Andrew Rangell always has something interesting to say. After making a series of provocative recordings, mostly Bach and Beethoven, for the Dorian label (R.I.P.), Rangell was adopted by the good folks at Bridge, where he has continued to make unusual recordings that are both intellectually and emotionally satisfying.
This time around, Rangell has assembled a program of music composed mostly during the first half of the 17th century – several generations before Johann Sebastian Bach was active. In his extended yet very readable booklet note, Rangell explains this disc's overall title. In some of this music, "one can hear fleeting soundprints of Bach," but that is not precisely what Rangell is trying to get at. "The resemblances are noteworthy," he writes, "but the larger point, for me, is that in the area of articulation, contrapuntal balance, imaginative ornamentation, and rhythmic definition, Bach himself has been my most valued tutor in the study and appreciation of his predecessors."

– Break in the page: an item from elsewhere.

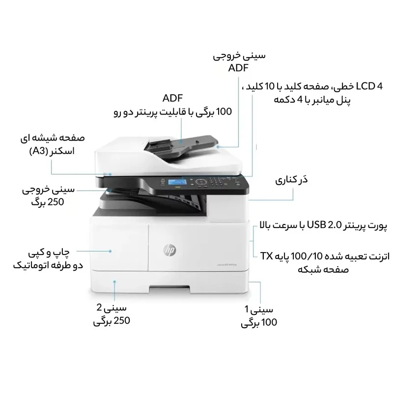 مدل: HP LaserJet MFP M443nda کد محصول: 8AF72A ابعاد: 505*583*560 میلیمتر وزن: 30 کیلوگرم تکنولوژی چاپ: چاپ لیزری کاربری: سهکاره سیاه و سفید نوع چاپ: تک رنگ سایز چاپ: A4 سرعت چاپ سیاه و سفید: 25 برگ در دقیقه سرعت چاپ دو رو: تا 13 برگ در دقیقه چاپ اولین صفحه: 7.7 ثانیه رزولوشن چاپ: تا 1200*1200 (dpi) توان کار ماهانه: حداکثر 50,000 صفحه، توصیهشده 2,000 تا 5,000 صفحه زبان چاپ: PS, PCL 6 قابلیت چاپ دو رو: دارد سایز کاغذ قابل استفاده: A3; A4; A5; A6; B4 (JIS); B5 (JIS); 8K; 16K; Oficio 216x340mm نوع کاغذ قابل استفاده: Plain, Mid-weight, Light, Coloured, Preprinted, Recycled, Intermediate, Prepunched وزن کاغذ قابل استفاده: 60 تا 163 (g/m²) ظرفیت سینی ورودی کاغذ: تا 350 برگ ظرفیت سینی خروجی کاغذ: تا 250 برگ اسکنر: دارد سرعت اسکن: تا 33 برگ در دقیقه رزولوشن اپتیکال اسکنر: تا 600*600 (dpi) حداکثر سایز اسکن: 297*432 میلیمتر Levels of grayscale: 256 عمق رنگ: 24 بیت کپی: دارد تنظیمات کپی: 600 x 600 dpi x 2 bit; Originals content settings: Text, Text/Photo, Photo, Map; Recuce/Enlarge scaling: 25 to 400% ; Copy qty settings: 1 to 999; Darkness controls: 11 levels (Light, Normal, Dark); Colation: Yes (Limited); N-up: A3: 2/4/8/16-up; A4: 2/4/8-up حداکثر تعداد کپی: تا 999 برگ بزرگنمایی کپی: 25 تا 400 درصد سرعت کپی: 25 برگ در دقیقه رزولوشن کپی: 600*600 (dpi) درگاه USB: پورت Hi-Speed USB 2.0 پورت شبکه Ethernet: Ethernet 10/100Base-TX شبکه بیسیم Wi-Fi: ندارد حافظه پرینتر: 512 مگابایت مشخصات منبع تغذیه: 220-240 ولت، 50 تا 60 هرتز توان مصرفی: 600 وات توان مصرفی در حالت Ready و sleep: 80 و 0.7 وات توان مصرفی در حالت auto-off/wake on USB: 0.2 وات محدوده رطوبت کاری: 20% تا 80% RH محدوده دمای کاری: 10 تا 30 درجه سانتیگراد محدوده دمای نگهداری: 20- تا 40 درجه سانتیگراد حداقل سیستم لازم برای ویندوز: CD-ROM or DVD drive, or Internet connection; Dedicated USB or network connection or Wireless connection; 200 MB available hard disk space; For OS hardware requirements see http://www.microsoft.com for Windows; Pentium IV 2.4GHz (Intel Core™2); RAM 512 MB (1 GB); Free available hard disk space 1 GB (2 GB) for Linux سازگار با سیستم عامل: Windows 7 (32/64-bit); Windows 2008 Server R2; Windows 8 (32/64-bit); Windows 8.1 (32/64-bit); Windows 10 (32/64-bit); Windows 2012 Server; Windows 2016 Server; Red Hat Enterprise Linux : 5, 6, 7; Fedora : 15, 16, 17, 18, 19, 20, 21, 22, 23, 24, 25, 26; openSUSE : 112, 11.4, 12.1, 121.2, 12.3, 13.1, 13.2, 42.1; Ubuntu : 11.10, 12.04, 12.10, 13.04, 13.10, 14.04, 14.10, 15.04, 15.10, 16.04, 16.10, 17.04, 17.10, 18.04, 18.10, 19.04; SUSE Linux Enterprise Desktop : 10, 11, 12; Debian : 6, 7, 8, 9; Linux Mint : 15, 16, 17, 18 سازگار با شبکه سیستمعامل: Windows OS compatible with In-Box Driver; Windows Server 2003/2003 R2 32-bit (SP1/SP2) Standard/Enterprise (+ Cluster & Terminal Services); Windows Server 2008 32/64-bit (SP2) Standard/Enterprise (+ Cluster & Terminal Services); Windows Server 2008 R2 64-bit (SP1) Standard/Enterprise (+ Cluster & Terminal Services); Windows OS compatible with Universal Print Driver (UPD) or Product-Specific drivers from http://www.hp.com; Windows Server 2003/2003 R2 32/64-bit (SP1/SP2) Standard/Enterprise/Datacenter (+ Cluster & Terminal Services); Windows Server 2008/2008 R2 32/64-bit (SP1/SP2) Standard/Enterprise/Datacenter (+ Cluster & Terminal Services); Windows Server 2012/2012 R2 64-bit Standard/Foundation/Essentials/Datacenter (+ Cluster & Terminal Services); Windows 8 (32/64-bit) recommend v5.86+, 8.1 recommend v5.94+; Windows 7 (32/64-bit) recommend v5.82+; Windows Vista (32/64-bit) recommend v5.82+; Windows XP/SP3 (32/64-bit) recommend v5.8

I'm sure that Glenn Gould, one of the past century's most outstanding interpreters of Bach, would have agreed. Among Gould's recordings is a collection of music by William Byrd, Orlando Gibbons, and Jan Pieterszoon Sweelinck (Sony SMK 52589). At one point, Gould claimed that Gibbons was his favorite composer, and that composer's Lord of Salisbury Pavane and Galliard is common to both the Gould disc just referenced and the Rangell disc here reviewed.
For Gould, Gibbons also must have been a "bridge to Bach." There's no mistaking Gould for Rangell, or vice versa, but both pianists clearly adore this music. Both performances are quietly contemplative, and with their perfect proportions and clarity, they make listeners feel that all is right with the world. The same can be said for everything on A Bridge to Bach. The dexterous Rangell uncovers the beauty in all that he touches. He is like one of those professors in college who makes biology or physics not just understandable, but miraculous – even to English majors!
Like Gould, Rangell plays this music not on the keyboard instruments of the early to mid 1600s, but on a modern piano. (In Rangell's case, this is a Hamburg Steinway D.) These recordings, then, will be of little use for authenticists – forgive the neologism, but it seems appropriate – but will deeply satisfy those who believe that the message is more important the medium. Even more than Gould, Rangell uses the piano's full resources to play this music, and this gives his performances colors, excitement, and relevance of their own. Rangell also has a clear advantage in terms of engineering. Bridge's sound is far superior to what Columbia was giving Gould in the 1960s.